Three Minutes with Mitchell ScottNovember 15, 2022
Mitchell Scott is Senior Director of Prime’s Special Investigations Unit (SIU) and Pharmacy Audit team. Before joining Prime in 2019, he served for more than two decades in law enforcement positions, including patrol officer, detective and chief of police for a suburb in the Minneapolis-St. Paul metropolitan area.
Why is it important for Prime to have a dedicated team focused on FWA?
Member service is important to Prime. We want to help ensure members receive the best care when accessing their prescription drug coverage. Our biggest concern is risk management which can divert away from necessary care, cause higher copays and overall costs – which can impact clients and members. Our team is the corporate watchdog to help prevent bad things from happening. And when we see it, we work with regulatory authorities to hold people accountable for their actions.
Your team members come from incredibly diverse professional backgrounds. Can you share the types of people on your team and what value they bring to your work?
Our special investigation unit (SIU) team has a wide variety of professional experience – and that really is our strongest asset. We have staff with law enforcement background, private investigators, financial crimes experience, registered nurses, pharmacy technicians and pharmacists. Because of this diversity, we all look through different lenses when we conduct investigations. We all see things differently, pull in different factors, different angles, different visions and different experiences. We partner. We learn. We become better. We have such a great team, great leaders and we do our jobs very well.
You left your position as Chief of Police to come to Prime’s special investigation unit to fight fraud, waste and abuse in health care. Why did you decide to come to the private sector, and specifically Prime?
As the Chief of Police, I became very comfortable in my job. I worked in the law enforcement field for 32 years. I understood everything about that career. I had seen it all. I wasn’t looking at retiring, but when the SIU director position at Prime opened, I dove in and educated myself on what a pharmacy benefit manager is and evaluate how I could bring my leadership skills to the job.
You have set up an incredible connection with Prime’s health plan clients through the Special Investigation Units at Prime and the plans. How does that relationship benefit the parties and members?

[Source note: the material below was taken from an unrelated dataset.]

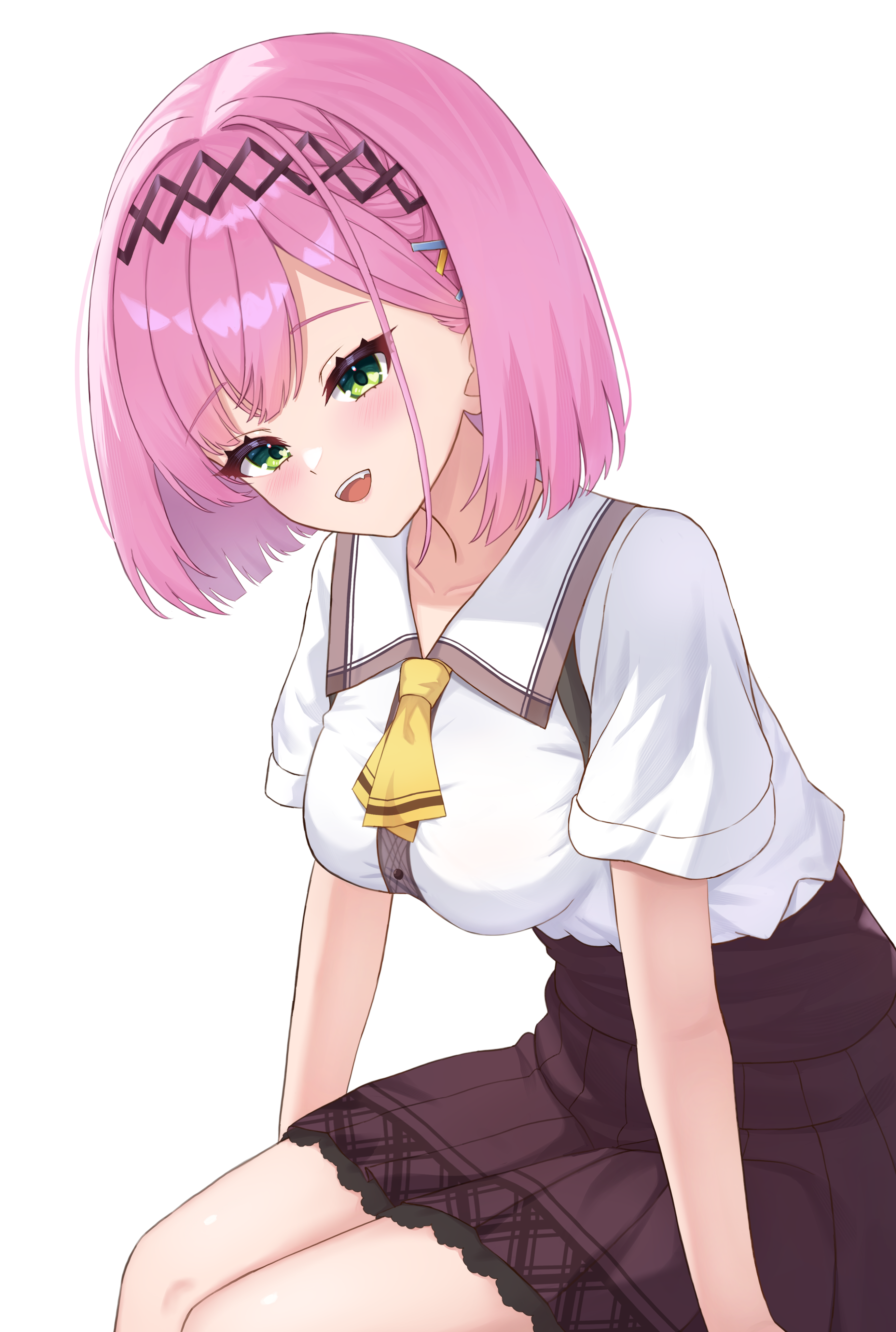 :d1girlblack hairbandblunt endsblushbob cutbreastsbrown skirtcollarbonecollared shirteyelashesfangfeet out of framefrilled skirtfrillsgreen eyeshair between eyeshair ornamenthairbandhaircliphigh-waist skirtlarge breastsleaning forwardlooking at viewermedium hairmizuka academy school uniformnecktieopen mouthpink hairschool uniformshirtshort necktieshort sleevessimple backgroundsittingskirtsmilesolosuspender skirtsuspendersteethupper teeth onlywhite backgroundwhite shirtx hair ornamentyellow necktie

We do have great relationships and connections with our clients and the SIU units at the health plans. We work in tandem with them, with the shared goal of combatting fraud, waste and abuse. Their focus on medical side drugs complements our integrated medical plus pharmacy view to drive collaboration. Having this full scope of activity has allowed us to offer more comprehensive programs to our clients and do more for them.
How has your work changed through the COVID-19 pandemic?
Individuals try to capitalize on people’s fear – and there was a lot of fear during the COVID-19 pandemic, especially at the beginning. Like other schemes, the COVID-19 schemes kept evolving but Prime was on top of it. It went from schemes about certain drugs, to over-the-counter tests, to physician-administered tests. We acted quickly and did a great job to build models to catch pharmacies and providers billing false claims.
You’ve probably seen some rather “interesting” schemes and cases in your time. Can you share (without disclosing PHI) one of your most memorable examples?
One great example shows internal collaboration between our pharmacy audit team and our SIU team. An auditor had identified a pharmacy had billed Prime for approximately $1.9 million which was associated to one prescriber for high-cost low-value products. The SIU team initiated an investigation into the pharmacy’s behavior. The pharmacy investigator determined that an onsite investigation was warranted. The Prime investigator partnered with a client and the State Board of Pharmacy to conduct an unannounced onsite investigation. During the onsite, the investigators discovered a high volume of returned medications rejected by members and the pharmacy failed to reverse the claims submitted for those members. Additionally, the pharmacy did not have any drug stock on shelves, however, the pharmacy billed Prime and other PBMs for well over $1 million dollars. Pharmacy staff also provided false and/or misleading information to the investigative team. The Board of Pharmacy investigator seized prescription records and prescription drugs and placed a chain on the pharmacy door to prevent further business.
What’s next for the fraud, waste and abuse team at Prime?
We are always trying to improve our work and our product offerings to our clients. We are trying to be proactive looking at new drugs coming in to evaluate what’s the next issue so we can be best prepared. How can we better serve our clients and members!